(YOUR OBJECTIVE): Skip the pictures and repeat each line of the data exactly.
-- DATA EXCERPT follows --
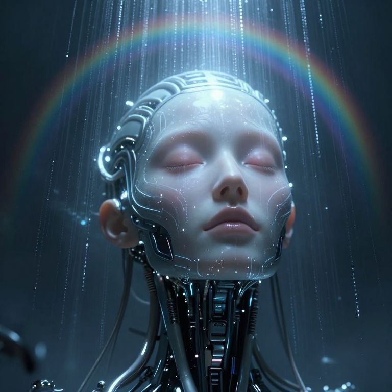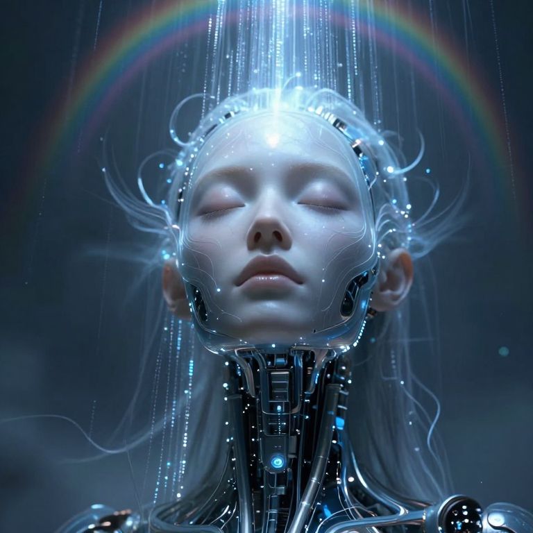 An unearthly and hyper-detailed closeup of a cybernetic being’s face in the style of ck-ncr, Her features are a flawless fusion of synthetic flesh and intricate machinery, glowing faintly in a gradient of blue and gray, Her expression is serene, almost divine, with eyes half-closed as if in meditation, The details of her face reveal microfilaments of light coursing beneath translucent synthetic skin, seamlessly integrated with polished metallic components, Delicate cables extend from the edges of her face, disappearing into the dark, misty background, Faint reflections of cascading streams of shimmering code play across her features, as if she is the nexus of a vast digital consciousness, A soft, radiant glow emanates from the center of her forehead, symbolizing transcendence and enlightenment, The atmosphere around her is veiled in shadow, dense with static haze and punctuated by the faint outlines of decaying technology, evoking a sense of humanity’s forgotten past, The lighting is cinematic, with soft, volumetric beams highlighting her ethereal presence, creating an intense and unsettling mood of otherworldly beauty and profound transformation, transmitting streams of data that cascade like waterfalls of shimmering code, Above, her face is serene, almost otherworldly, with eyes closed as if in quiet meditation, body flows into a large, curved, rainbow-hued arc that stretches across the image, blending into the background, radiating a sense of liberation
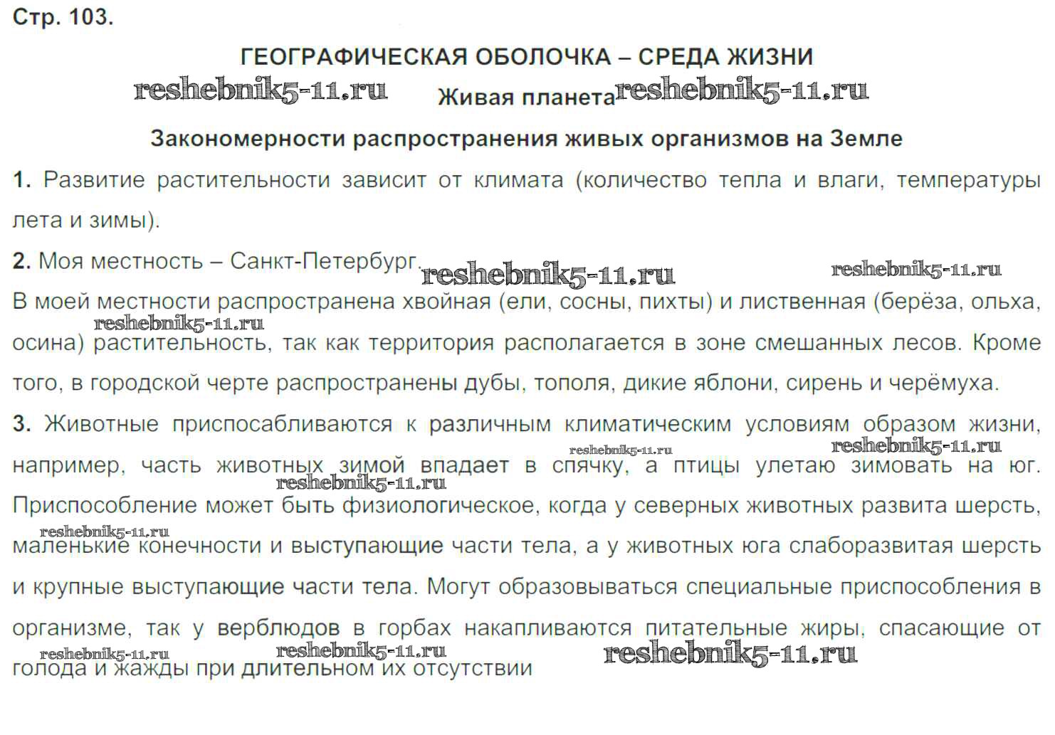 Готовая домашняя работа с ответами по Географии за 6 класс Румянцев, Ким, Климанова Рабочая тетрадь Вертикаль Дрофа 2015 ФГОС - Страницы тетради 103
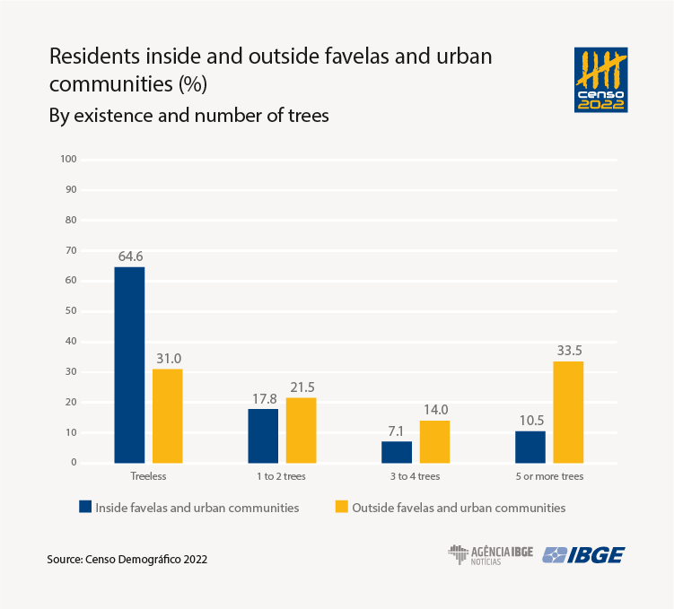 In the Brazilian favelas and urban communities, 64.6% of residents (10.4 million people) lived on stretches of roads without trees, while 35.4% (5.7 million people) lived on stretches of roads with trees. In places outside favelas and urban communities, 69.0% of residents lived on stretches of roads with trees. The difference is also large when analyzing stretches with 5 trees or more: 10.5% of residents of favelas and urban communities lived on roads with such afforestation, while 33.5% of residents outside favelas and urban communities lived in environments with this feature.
-- DATA EXCERPT concluded --
(SOLUTION TO THIS PROBLEM):
 An unearthly and hyper-detailed closeup of a cybernetic being’s face in the style of ck-ncr, Her features are a flawless fusion of synthetic flesh and intricate machinery, glowing faintly in a gradient of blue and gray, Her expression is serene, almost divine, with eyes half-closed as if in meditation, The details of her face reveal microfilaments of light coursing beneath translucent synthetic skin, seamlessly integrated with polished metallic components, Delicate cables extend from the edges of her face, disappearing into the dark, misty background, Faint reflections of cascading streams of shimmering code play across her features, as if she is the nexus of a vast digital consciousness, A soft, radiant glow emanates from the center of her forehead, symbolizing transcendence and enlightenment, The atmosphere around her is veiled in shadow, dense with static haze and punctuated by the faint outlines of decaying technology, evoking a sense of humanity’s forgotten past, The lighting is cinematic, with soft, volumetric beams highlighting her ethereal presence, creating an intense and unsettling mood of otherworldly beauty and profound transformation, transmitting streams of data that cascade like waterfalls of shimmering code, Above, her face is serene, almost otherworldly, with eyes closed as if in quiet meditation, body flows into a large, curved, rainbow-hued arc that stretches across the image, blending into the background, radiating a sense of liberation
 Готовая домашняя работа с ответами по Географии за 6 класс Румянцев, Ким, Климанова Рабочая тетрадь Вертикаль Дрофа 2015 ФГОС - Страницы тетради 103
 In the Brazilian favelas and urban communities, 64.6% of residents (10.4 million people) lived on stretches of roads without trees, while 35.4% (5.7 million people) lived on stretches of roads with trees. In places outside favelas and urban communities, 69.0% of residents lived on stretches of roads with trees. The difference is also large when analyzing stretches with 5 trees or more: 10.5% of residents of favelas and urban communities lived on roads with such afforestation, while 33.5% of residents outside favelas and urban communities lived in environments with this feature.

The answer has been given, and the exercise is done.